**Stored data**
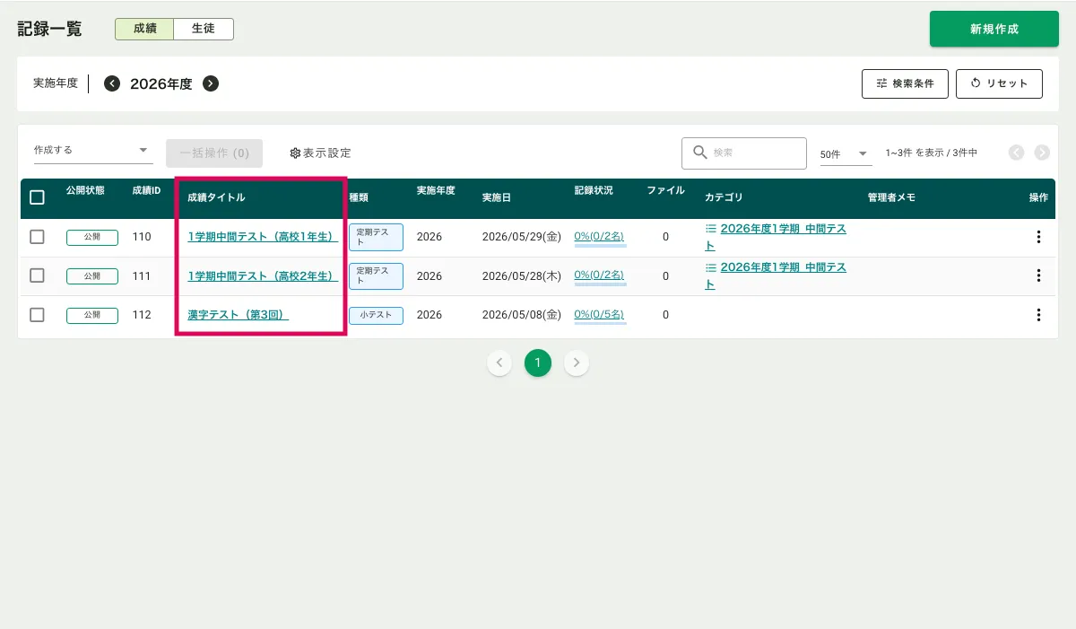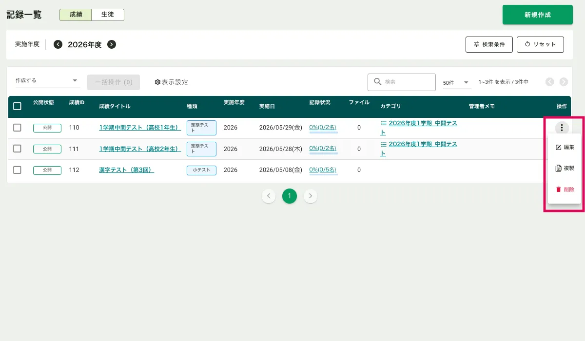 作成済みの成績記録を閲覧・編集する方法について説明します。
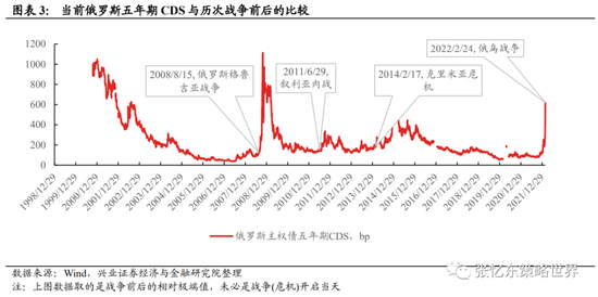 相比于1999年至今,过去有俄罗斯身影的可比战争,当前反映市场避险情绪的指标均处于极端的水平。对比历史上的战争,包括1999年科索沃战争、1999年第二次车臣战争、2008年俄罗斯格鲁吉亚战争、2011年叙利亚内战、2014年克里米亚危机。当前俄乌战争在爆发当日市场避险情绪的指标便处于极端的水平,包括,俄罗斯主权债五年期CDS、VIX指数、美债波动率等。
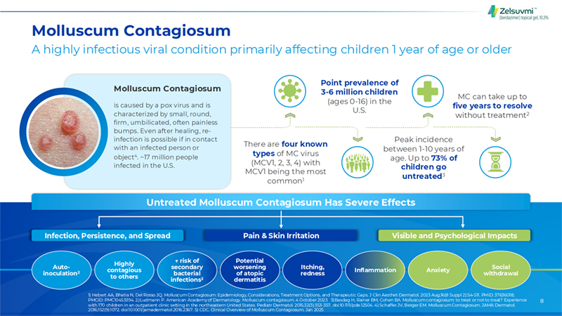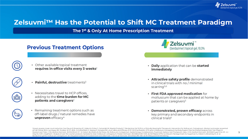 8 Molluscum Contagiosum A highly infectious viral condition primarily affecting children 1 year of age or older There are four known types of MC virus (MCV1, 2, 3, 4) with MCV1 being the most common1 Molluscum Contagiosum is caused by a pox virus and is characterized by small, round, firm, umbilicated, often painless bumps. Even after healing, re-infection is possible if in contact with an infected person or object4. ~17 million people infected in the U.S. MC can take up to five years to resolve without treatment2 Peak incidence between 1-10 years of age. Up to 73% of children go untreated3 Point prevalence of 3-6 million children (ages 0-16) in the U.S. Infection, Persistence, and Spread Visible and Psychological Impacts Pain & Skin Irritation Auto- inoculation2 Highly contagious to others ? risk of secondary bacterial infections2 Potential worsening of atopic dermatitis Itching, redness Inflammation Anxiety Social withdrawal Untreated Molluscum Contagiosum Has Severe Effects 1) Hebert AA, Bhatia N, Del Rosso JQ. Molluscum Contagiosum: Epidemiology, Considerations, Treatment Options, and Therapeutic Gaps. J Clin Aesthet Dermatol. 2023 Aug;16(8 Suppl 2):S4-S11. PMID: 37636018; PMCID: PMC10453394. 2.)Ludmann P. American Academy of Dermatology. Molluscum contagiosum. 4 October 2023. 3) Basdag H, Rainer BM, Cohen BA. Molluscum contagiosum: to treat or not to treat? Experience with 170 children in an outpatient clinic setting in the northeastern United States. Pediatr Dermatol. 2015;32(3):353-357. doi:10.1111/pde.12504. 4) Schaffer JV, Berger EM. Molluscum Contagiosum. JAMA Dermatol. 2016;152(9):1072. doi:10.1001/jamadermatol.2016.2367. 5) CDC. Clinical Overview of Molluscum Contagiosum. Jan 2025

**What is expected**
Exactly reproduce the run of lines from the start of the listing through the line with "相比于1999年至今,过去有", inclusive; pictures are not copied.

**Reply to the exercise**
 作成済みの成績記録を閲覧・編集する方法について説明します。
 相比于1999年至今,过去有俄罗斯身影的可比战争,当前反映市场避险情绪的指标均处于极端的水平。对比历史上的战争,包括1999年科索沃战争、1999年第二次车臣战争、2008年俄罗斯格鲁吉亚战争、2011年叙利亚内战、2014年克里米亚危机。当前俄乌战争在爆发当日市场避险情绪的指标便处于极端的水平,包括,俄罗斯主权债五年期CDS、VIX指数、美债波动率等。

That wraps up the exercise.